Infrastructure and Development Landscape

The infrastructure space around AI is evolving, with a shift from bare-metal infrastructure to “infra around the model” [00:43:26].

  • LLM OS Concepts: Areas like code execution (e.g., E2P), memory, and advanced search capabilities are becoming integral parts of the “LLM OS” [00:42:55].
  • Cybersecurity: AI is increasingly applied to cybersecurity, especially in areas where offense uses AI, necessitating AI on the defense side (e.g., email security, identity verification). The ability of models to understand “semantics” (e.g., in binary inspection) beyond mere syntax is a significant advancement for security [00:43:38], [00:44:07].
  • Model Labs’ Expansion: Major research labs like OpenAI are increasingly expanding into the developer and infrastructure categories, offering tools like search APIs. This raises questions about whether they aim to be API companies or product companies, as selling search APIs can be less lucrative than building direct products like ChatGPT search [00:45:10], [00:46:18].
  • Application Layer Focus: The application layer is clearly more interesting and valuable than core infrastructure. Applications can charge for utility rather than just cost, allowing for higher margins compared to infrastructure which often reduces to “cost plus” pricing [00:47:10], [00:47:17], [00:47:21].
  • Struggling Areas:
    • Fine-tuning companies: Standalone fine-tuning services struggle to form a large business unless integrated into broader enterprise AI or services offerings [00:47:56], [00:48:06].
    • AI DevOps/SRE: The technology is not yet mature enough for widespread adoption of autonomous SRE [00:48:50].
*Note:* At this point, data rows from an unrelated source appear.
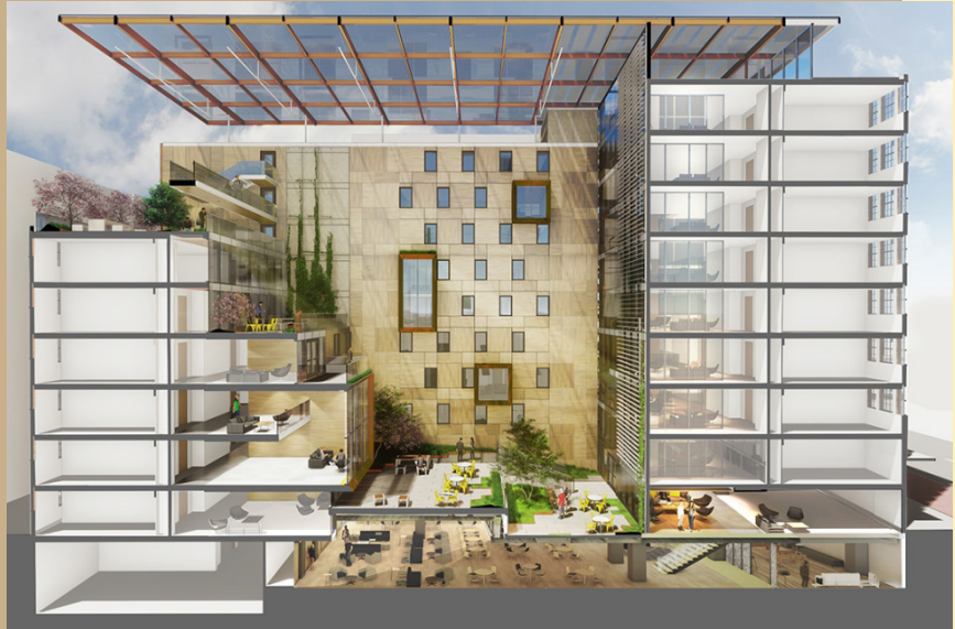
A design concept for the renovated Thurston Hall.

As part of the university's strategic initiative to enhance the student experience, GW is seeking to re-envision and fully renovate Thurston Hall. This 91-year-old building has been a major component of the first-year student's campus residential experience, and the core focus of this renovation is to build a living and learning community that prioritizes new and inviting spaces that support increased engagement, resources, and academic success.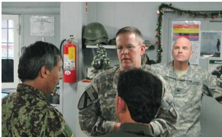
The director of the Integration Cell, Security Assistance Office-Afghanistan, briefs the Afghan National Army G-4 on the mission of the foreign military sales division of the Security Assistance Office-Afghanistan.

I had many issues to cover while I was assigned as FMS chief. The components of the ANSF—the Afghanistan National Army (ANA), Afghan National Air Corps, and Afghanistan National Police (ANP)—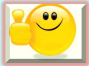
A - interesting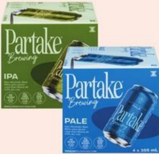
PARTAKE NON-ALCOHOLIC BEER SELECTED VARIETIES 4X355 ML 21208552_C04 21208553_C04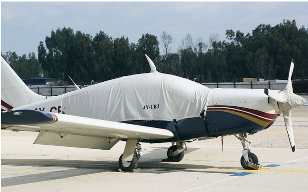
SOCATA TB-20 Canopy & Prop Covers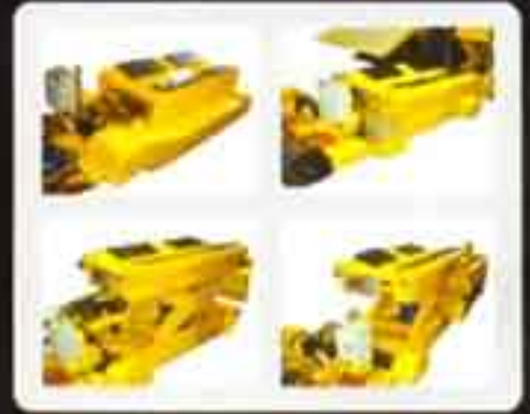
Vertical Pillar Coil Car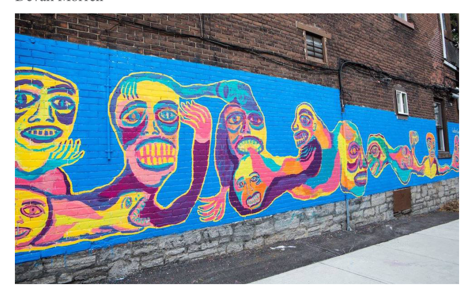
Figure 6. Cedar Eve Peters. Honouring My Ancestors. 2014.

another's enlivened spirit.<sup>73</sup> Post-graffiti reaffirms the vital properties of emotional attachments that help form relationships with, and create interventions in, the urban and natural world. Thus, art and the outdoor environment mingle together like instruments in a musical score to create a symphony between the people and all other non-human natural and human-made agents.<sup>74</sup>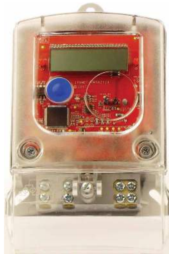
Single-Phase Power Meter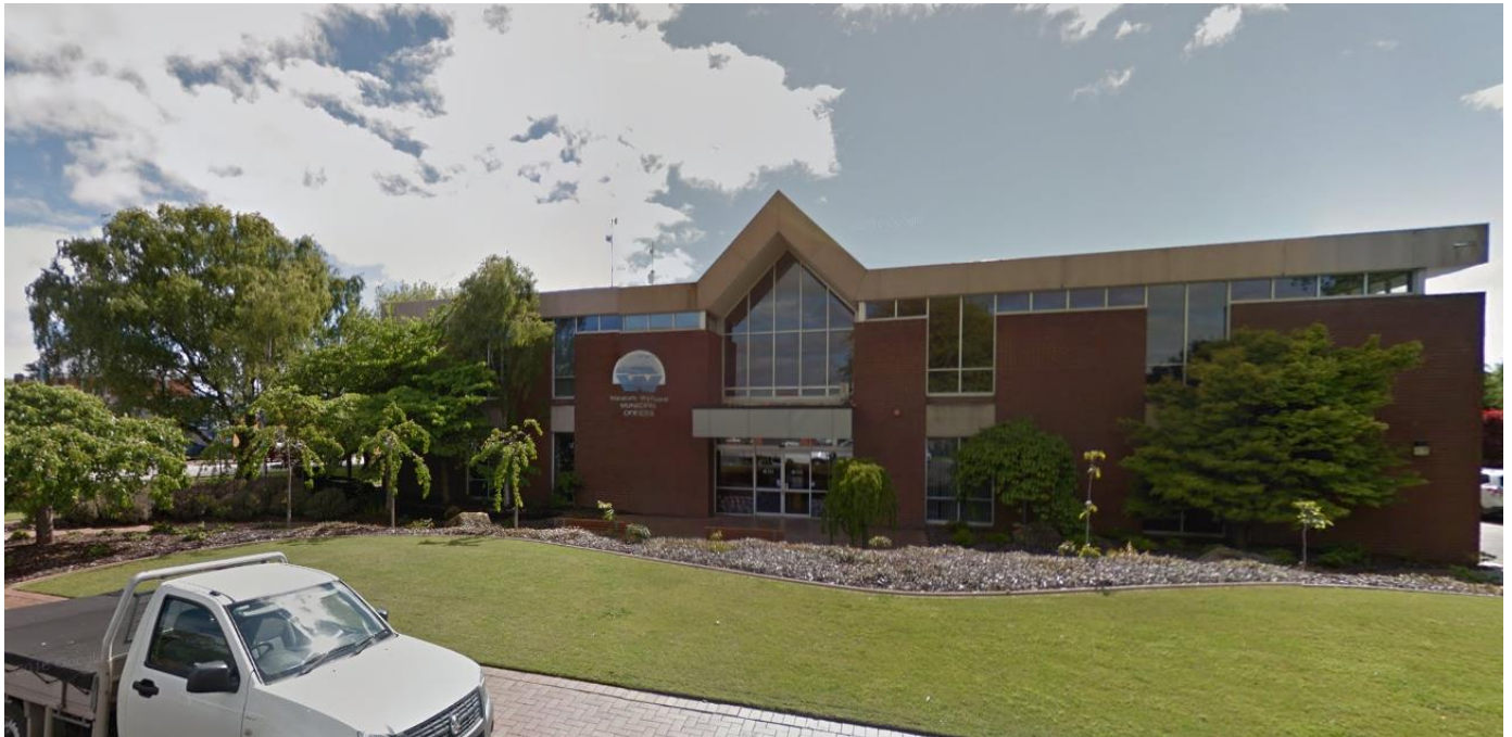
Wynyard - Waratah Council Chambers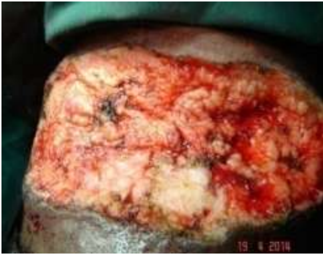
Figure 7. Case 2. Defect after excision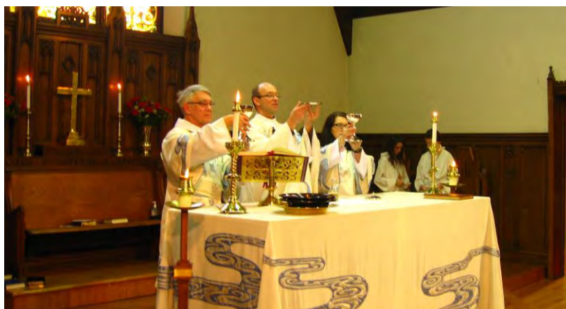
The Invitation to Communion: the deacon raises the chalice, the celebrant the paten, and the sub-deacon the ciborium.

After the Sanctus and Benedictus , at St. Paul’s the deacon removes the pall from the chalice and stopper from the wine cruet, while the sub-deacon removes the lid from the ciborium (this is not essential, and parishes will adapt their own practices to the vessels they are using and the people at the altar). During the eucharistic prayer, the deacon makes a profound bow at the words of institution of the bread and the wine. According to the presider’s preference, the deacon may raise the chalice at the final doxology while the priest raises the bread. During the Our Father (said or sung), it is customary in many churches for the ministers at the altar to extend their hands, palms upwards, in the traditional gesture of prayer ( orans ). After the breaking of the bread and the accompanying sentences, the presider gives the invitation to communion, “The gifts of God for the People of God;” at this point the deacon raises the chalice while the priest raises the bread.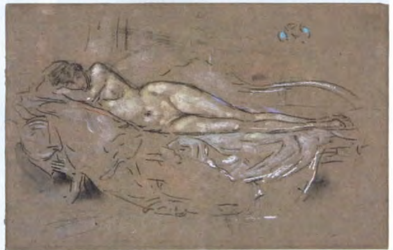
James Abbott McNeill Whistler (1834-1903), Nude Reclining, 1893-1900. Colored pastel and black chalk on brown wove paper laid down on card, 7 x 10⅞ in., artist's butterfly monogram in chalk upper right.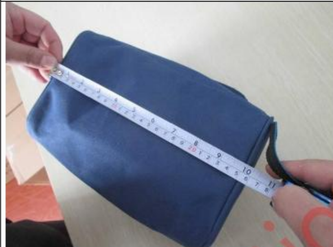
Product dimension check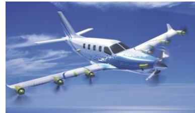
Figure 2. Illustration of the Daher - Airbus - Safran EcoPulse hybrid-electric DEP demonstrator ( https://www.daher.com )

It can thus be seen that, as compared to conventional CS-23 airplane architecture, a wide design space is available for designers through DEP with possible new ways to perform basic airplane functions. For the purpose of this study, a generic DEP architecture similar to NASA X-57, complemented with the assumption that differential thrust is used for lateral control of the aircraft in combination with traditional primary control surfaces and with an advanced flight control system, serves as a basis. This configuration is deemed representative enough to analyze novel hazards and failure conditions related to DEP.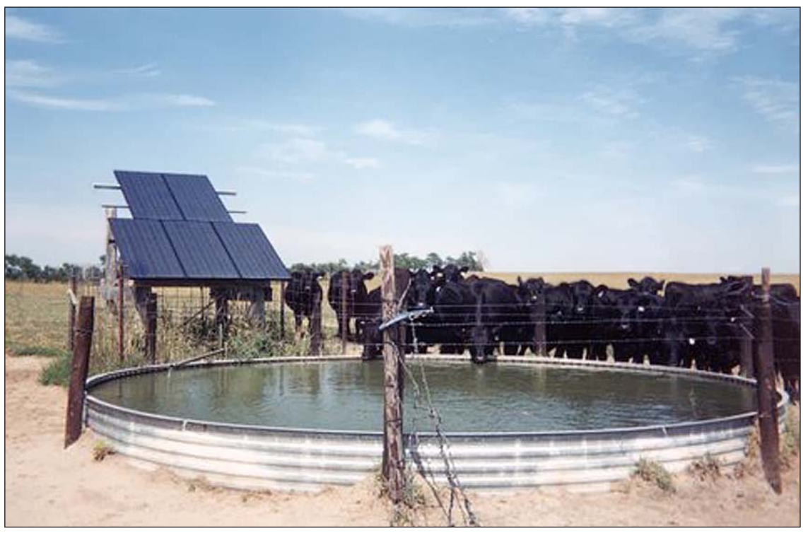
Solar-powered livestock watering system.

Because of falling prices, long life, and low maintenance requirements, solar is rapidly becoming the first choice for pumping water in remote locations. This publication gives an introduction to solar-powered livestock-watering systems, including discussions of cost, components, and terminology, as well as some suggestions for designing and installing these systems. The strengths and weaknesses of solar pumping are compared to the main options for pumping in remote locations: mechanical windmills, wind turbines, and portable generators powered by gas, propane, or diesel fuel. Design considerations for freeze protection in water-pumping systems are also discussed. Descriptions of four successful projects and a brief resource list are included.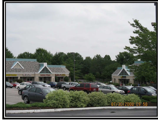
Looking northeast at the subject site from Clarkson Road.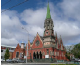
FORMER CONGREGATIONAL CHURCH AND HALL SOHE 2008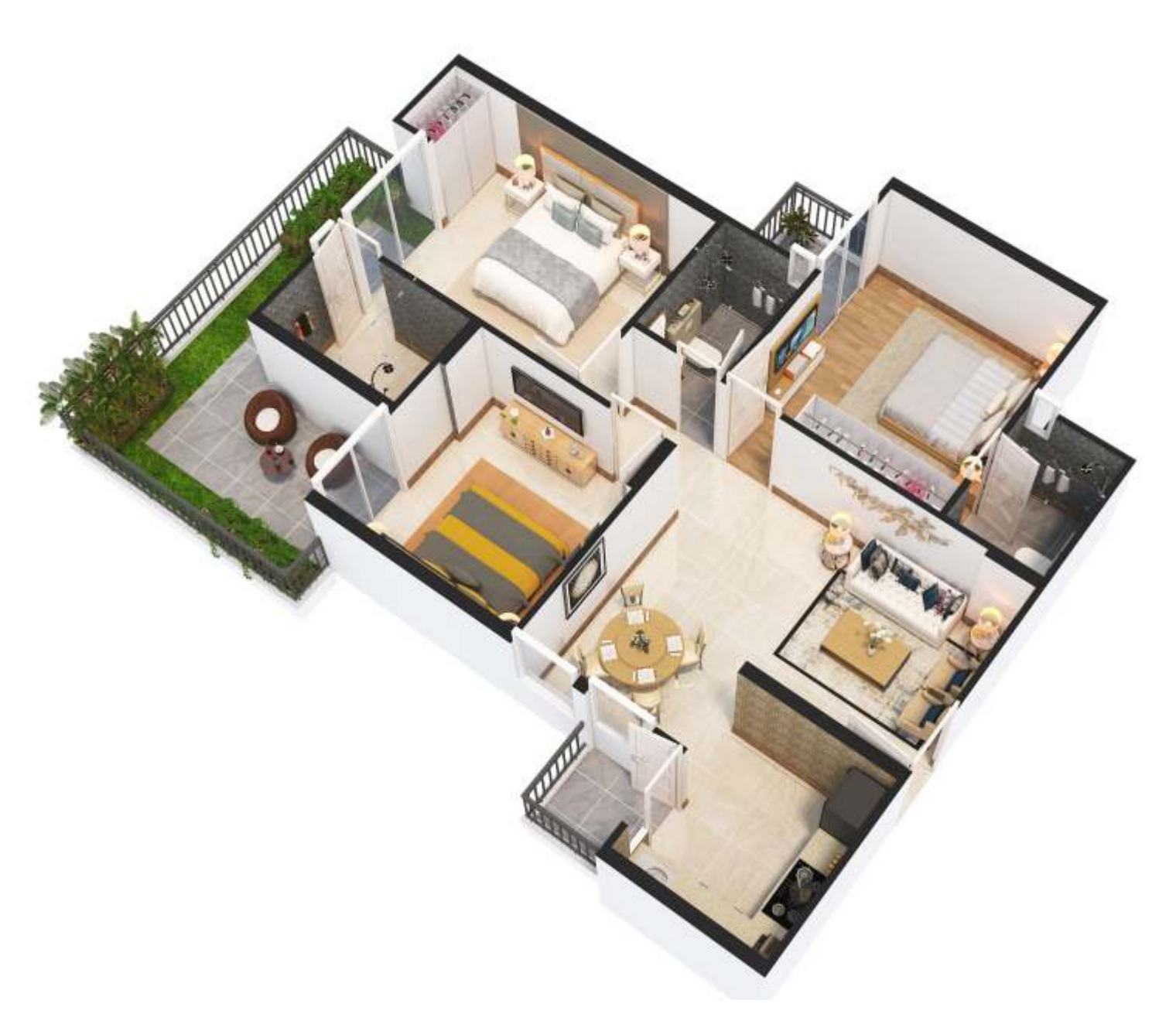
Unit - 2,3 & 6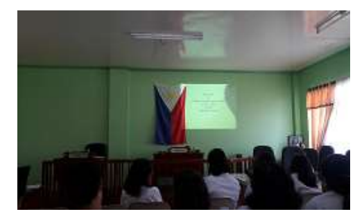
Program Implementation Review of Naguilian with the MHO who takes the lead

A representative from the DOH – RO2 shares her expertise and views on different health programs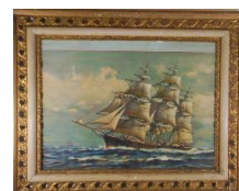
Lot # 498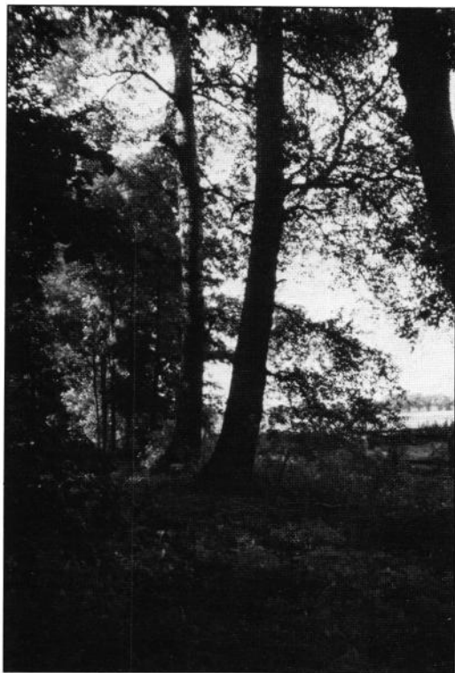
Fig. 2. The locality of Oligella nana at Scania, Vittskövle. It was found in putrifying organic matter in a dense growth of old poplar trees ( Populus sp.) on sandy ground.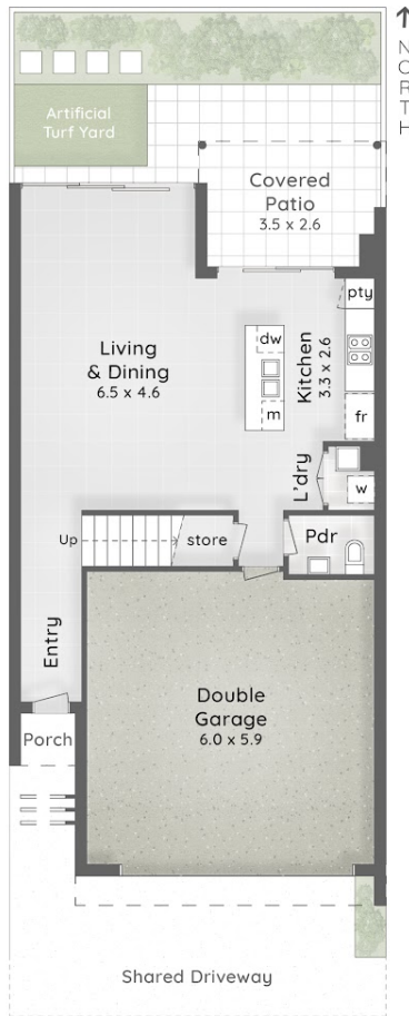
:: FLOOR PLAN & SITE PLAN Ground Floor 2.7m Ceiling

Unanswered Questions and Future Implications

  • Scaling Reinforcement Learning (RL): The biggest unanswered question is whether RL can be successfully applied to non-verifiable domains, such as law (contracts), marketing, and sales (simulating conversations). If not, autonomous agents might be limited to verifiable domains, while non-verifiable ones would still require human “taste-makers” with co-pilots [00:50:15], [00:50:46].
  • Hardware Scaling and Dominance: The “rule of nines” at OpenAI suggests that achieving higher reliability (e.g., 90% to 99%) requires an order of magnitude increase in compute every 2-3 years. This raises concerns about how compute will scale, and whether Nvidia’s dominance will continue, or if competitors like AMD, AWS (with Trainium chips), Microsoft, and Facebook will successfully challenge it. The stability of the transformer architecture suggests a case for dedicated silicon (ASICs) for transformers, but who will win that race is unknown [00:51:34], [00:51:48], [00:52:00], [00:52:50], [00:53:03].
  • Agent Authentication: A critical emergent question is how to authenticate agents accessing websites on behalf of users. A new “SSO effectively for agents” is needed to distinguish human users from their agents, potentially leading to new authentication methods like retina scans, as suggested by Sam Altman [00:54:41], [00:55:06], [00:55:21].